Implementer Exercise: Minimal KV-Aware Router
A complete router that selects GPUs based on cache overlap and queue depth:
import hashlib
from dataclasses import dataclass
@dataclass
class WorkerState:
worker_id: int
cached_prefix_hashes: set # set of block hash strings
queue_depth: int
prefill_tok_per_sec: float
def hash_block(tokens, block_size=16):
"""Hash a block of token IDs for cache lookup."""
token_bytes = bytes(tokens)
return hashlib.sha256(token_bytes).hexdigest()[:16]
def compute_hash_chain(prompt_tokens, block_size=16):
"""Compute sequential hash chain for prefix matching."""
hashes = []
parent = "root"
for i in range(0, len(prompt_tokens), block_size):
block = prompt_tokens[i:i+block_size]
combined = f"{parent}:{hash_block(block)}"
block_hash = hashlib.sha256(combined.encode()).hexdigest()[:16]
hashes.append(block_hash)
parent = block_hash
return hashes
def route(request_tokens, workers, block_size=16):
"""Route request to worker with lowest estimated TTFT."""
prompt_hashes = compute_hash_chain(request_tokens, block_size)
best_worker = None
best_ttft = float("inf")
for w in workers:
# Count cached prefix length
cached = 0
for h in prompt_hashes:
if h in w.cached_prefix_hashes:
cached += 1
else:
break
uncached_tokens = (len(prompt_hashes) - cached) * block_size
prefill_time = uncached_tokens / w.prefill_tok_per_sec
queue_time = w.queue_depth * 0.030 # 30ms avg per queued request
ttft = prefill_time + queue_time
if ttft < best_ttft:
best_ttft = ttft
best_worker = w
return best_worker
This router runs in under 0.1ms for typical cluster sizes (8-64 workers) — negligible compared to the prefill time it saves.

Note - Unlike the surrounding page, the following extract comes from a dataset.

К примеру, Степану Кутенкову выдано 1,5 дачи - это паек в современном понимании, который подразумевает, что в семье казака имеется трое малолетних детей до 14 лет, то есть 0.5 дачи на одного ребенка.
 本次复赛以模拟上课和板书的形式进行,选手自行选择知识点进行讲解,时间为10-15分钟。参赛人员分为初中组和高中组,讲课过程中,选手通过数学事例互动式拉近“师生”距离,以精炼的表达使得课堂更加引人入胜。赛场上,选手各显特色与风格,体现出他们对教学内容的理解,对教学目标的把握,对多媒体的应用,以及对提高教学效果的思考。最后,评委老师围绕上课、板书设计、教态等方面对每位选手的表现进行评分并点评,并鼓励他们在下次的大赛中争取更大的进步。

Dynamo builds on concepts from the Inference Optimization Timeline series: PagedAttention (Part 5) provides the block-level KV cache abstraction, prefix caching (Part 8) provides the hash-chain mechanism, and disaggregated serving (Part 10) provides the prefill/decode split. Dynamo takes these single-node optimizations and extends them to the cluster level.
What Dynamo Changes for Production
Before Dynamo, multi-GPU LLM serving required manual configuration: static model placement, fixed routing rules, no cross-GPU cache sharing. Dynamo automates all of this:
- KV-aware routing eliminates redundant prefill computation — saving 50-80% of prefill GPU cycles in cache-friendly workloads.

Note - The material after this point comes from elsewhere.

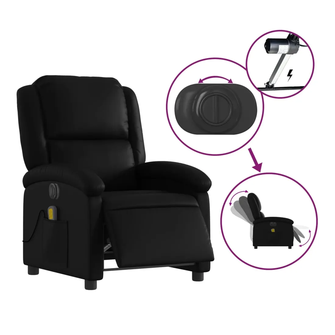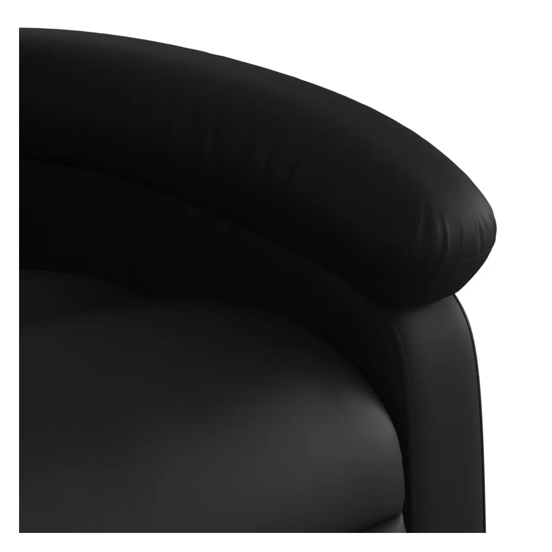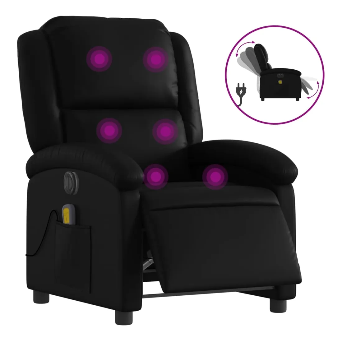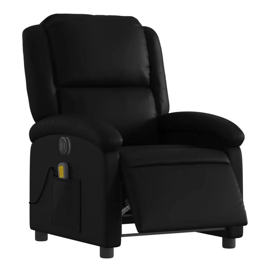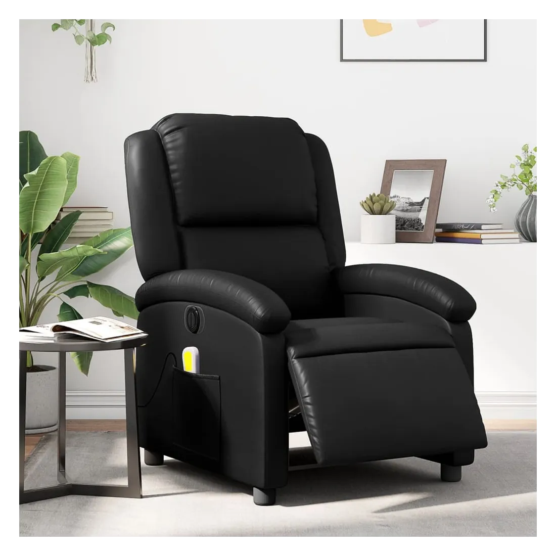 Asseyez-vous et détendez-vous dans ce fauteuil inclinable de massage électrique très confortable ! Fonction d'inclinaison électrique : ce fauteuil inclinable est équipé d'un moteur électrique qui permet de régler automatiquement le repose-pied et le dossier dans n'importe quelle position, selon votre confort, en appuyant simplement sur le bouton situé sur le côté du fauteuil. Cette fonction permet une inclinaison maximale de 135 degrés. En outre, le dossier peut revenir automatiquement à sa position d'origine par une simple pression sur le bouton.Fonction de vibration : les 6 points de massage vous permettent de faire l'expérience d'un massage mieux ciblé. De plus, la télécommande incluse vous permet de choisir différents programmes de massage. La fonction de massage est alimentée par le connecteur USB qui nécessite une source d'alimentation USB certifiée de 5 V (non fournie).Expérience de siège confortable : le siège, le dossier et les larges accoudoirs rembourrés épais recouverts de similicuir procurent une sensation confortable, vous faisant vous sentir enlacé lorsque vous êtes assis. Le similicuir est un matériau très résistant. Il est résistant aux taches, ce qui le rend facile à nettoyer avec un chiffon humide. La surface lisse donne également un aspect luxueux et la beauté du cuir véritable.Poche latérale pratique : ce fauteuil est doté d'une poche latérale pour ranger votre télécommande ou garder vos objets essentiels à portée de main.Cadre solide et stable : le cadre en bois et en métal offre une structure solide et une grande stabilité. Ce fauteuil inclinable est confortable et durable.

- Disaggregated serving lets each GPU pool be optimized independently — prefill GPUs maximize tensor core utilization, decode GPUs maximize HBM bandwidth utilization.
- ModelExpress reduces cold starts from minutes to milliseconds — enabling reactive autoscaling that tracks demand in real time.
- The Planner closes the loop — automatically adjusting GPU allocation to meet SLOs at minimum cost.
The combination transforms a cluster of GPUs from a collection of independent inference servers into a unified inference system where every GPU contributes to serving every request optimally.